I will follow the fluid starting from entering the pump, and explain how it will apply torque to each of the parts.

First, the fluid will enter pump at the center, which will both move the fluid through through the pump, to the outer edge, as well as add rotation to the fluid in the direction of the pump. This will naturally apply a torque to the pump in the direction opposite to the rotation of the pump (this torque is the torque coming from the engine).

Now, the rotating fluid will move from the outer edge of the pump to the outer edge of the turbine and enter the turbine. In the turbine it's blades are shaped to reverse the rotation of the incoming fluid, while it is pushed to the center. This interaction will apply a torque to the turbine (and from there to the transmission) in the direction of the rotation of the incoming fluid (opposite to engine torque).

Last, comes the critical part to the torque multiplication, the stator. The stator is in the center of the torque converter, between the turbine and the pump. The stator blades will once again reverse the rotation of the fluid coming from the turbine, to match the rotation of the pump.

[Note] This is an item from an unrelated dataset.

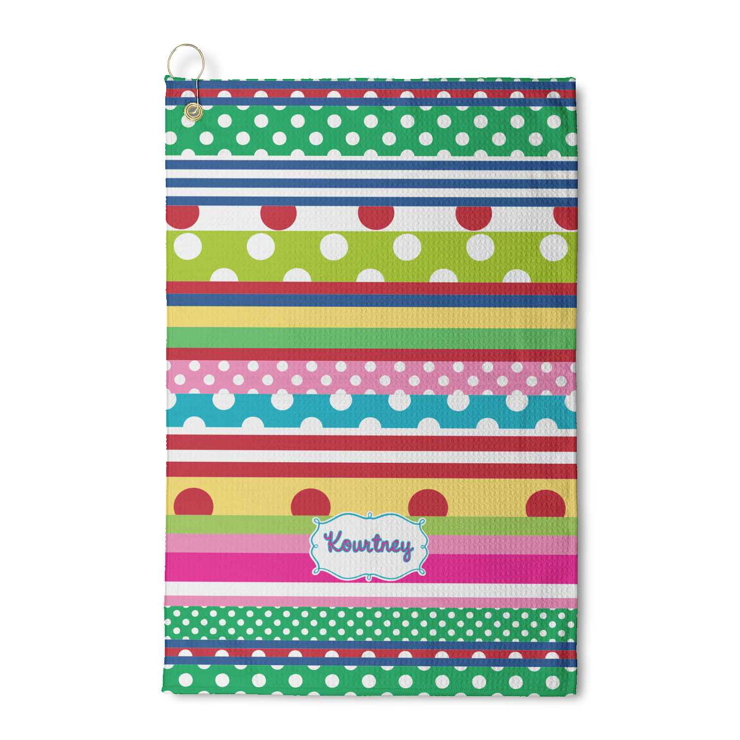 Trying to choose which golf towel is right for you? Our standard golf bag towel (one size - 13" x 18") is a terry loop style towel with a partial print that is great for normal, everyday use. If you are looking for a poly-cotton blend full print towel look at our standard full print golf towel - available in 2 sizes - small (11" x 18") and large (15" x 25"). If you prefer the look and feel of a soft microfiber towel our microfiber golf towels are a great option and allow you to polish your club and ball surfaces to a nice sheen. The microfiber golf towels are also available in 2 sizes - small (11" x 18") and large (15" x 25"). Lastly the waffle weave towel (available in a single size - 16" x 24") is a fantastic option to give you some texture on your towel to allow for more scrubbing and cleaning when playing in rougher, wetter environments. All of these options are able to be washed with bleach to get them clean and will retain their bright colors.

This will apply a torque to the stator in the direction opposite of the one to the turbine (the stator is fixed in place, though, as it's name tells us, so it will not rotate). Exiting the stator, the fluid will repeat it's cycle.

So, what is it, that allows the mismatch between the input torque and output torque. It is the torque applied to the stator. At an equilibrium, all the torques in the system will add to zero, so the torque applied to the engine must be exactly the opposite of the sum of the torques applied to the stator and the output. Since the output torque and the stator torque are opposite, the output torque has to be larger than the input torque (by the torque applied to the stator to be exact)

Hope this helps someone to understand the black magic of torque multiplication. For me, at least, it was a mystery for far longer than I'm willing to admit.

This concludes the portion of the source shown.